I don't think mine took over a couple of minutes.  I'd cancel the download and restart it if it's going to take that long...

Betsy


----------



## lindnet (Jan 25, 2009)

Leslie said:


> Those particular pages are from this book:
> 
> 
> 
> ...


Thanks for the quick reply!


----------



## gdae23 (Apr 30, 2009)

Thanks Leslie and Kathy and Betsy. I guess there's some variation. I'm actually down to about 8 minutes remaining, so I'll keep my fingers crossed everything goes OK.


----------



## Betsy the Quilter (Oct 27, 2008)

164 MB is the file size shown in my download file.

Betsy


----------



## Ann in Arlington (Oct 27, 2008)

167,477 KB is the file size as it sits on my hard drive.


----------



## Betsy the Quilter (Oct 27, 2008)

Better answer, Ann.  Same on mine when I actually open the folder to look at the file.  

Betsy


----------



## gdae23 (Apr 30, 2009)

Thanks. I just went into the download folder and I had some older updates saved. It turns out they were much smaller, a quarter of this size or less. So this extra time is probably normal for this download, and many of you probably have faster Internet service than I do. 

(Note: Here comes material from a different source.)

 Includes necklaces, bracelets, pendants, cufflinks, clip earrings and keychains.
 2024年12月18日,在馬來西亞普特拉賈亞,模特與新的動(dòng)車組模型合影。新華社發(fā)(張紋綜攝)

Unfortunately, when I went into the downloads folder, I think I corrupted the download! It stopped with a comment of partially downloaded. I decided to delete it rather than try to start it partway through, to avoid problems.  Now I'm redoing it from scratch, and it's about 25% done. I'm going to go do something else for 15 minutes, and then it should be ready to transfer to the Kindle. Thank you all very much for your help with this.


----------



## gdae23 (Apr 30, 2009)

Done! The KPW has now successfully updated. It only took a few minutes to transfer the file to my KPW, and then about 5 minutes to actually do the update. The first thing I did was to turn off the recommendations! Even though I mainly use List View. I also like being able to access settings from within the book I'm reading, and will have to play with the updated fonts. 

Thanks for posting this Benjamin, and to everyone for their help with my various questions.


----------



## Lursa (aka 9MMare) (Jun 23, 2011)

Re: the before and after font pics, to me the 2nd one looks like the character edges are a little crisper. Not much tho.


----------



## Leslie (Apr 7, 2008)

I downloaded a sample, read it, and then bought the book. I loved the way it took me right to my place and then deleted the sample! THAT is a great feature. Being able to get to Settings from within a book or newspaper is great, too.

This is a good update, IMHO.

L


----------



## Betsy the Quilter (Oct 27, 2008)

I agree, this has more "stuff" that makes a difference to my Kindle experience than most of them have.

Betsy


----------



## Atunah (Nov 20, 2008)

Leslie said:


> I downloaded a sample, read it, and then bought the book. I loved the way it took me right to my place and then deleted the sample! THAT is a great feature. Being able to get to Settings from within a book or newspaper is great, too.
> 
> This is a good update, IMHO.
> 
> L


I haven't gotten the update yet, but did you use the buy now link in the back of the book, or did you have to use a menu link as it was discussed earlier here.


----------



## Leslie (Apr 7, 2008)

Atunah said:


> I haven't gotten the update yet, but did you use the buy now link in the back of the book, or did you have to use a menu link as it was discussed earlier here.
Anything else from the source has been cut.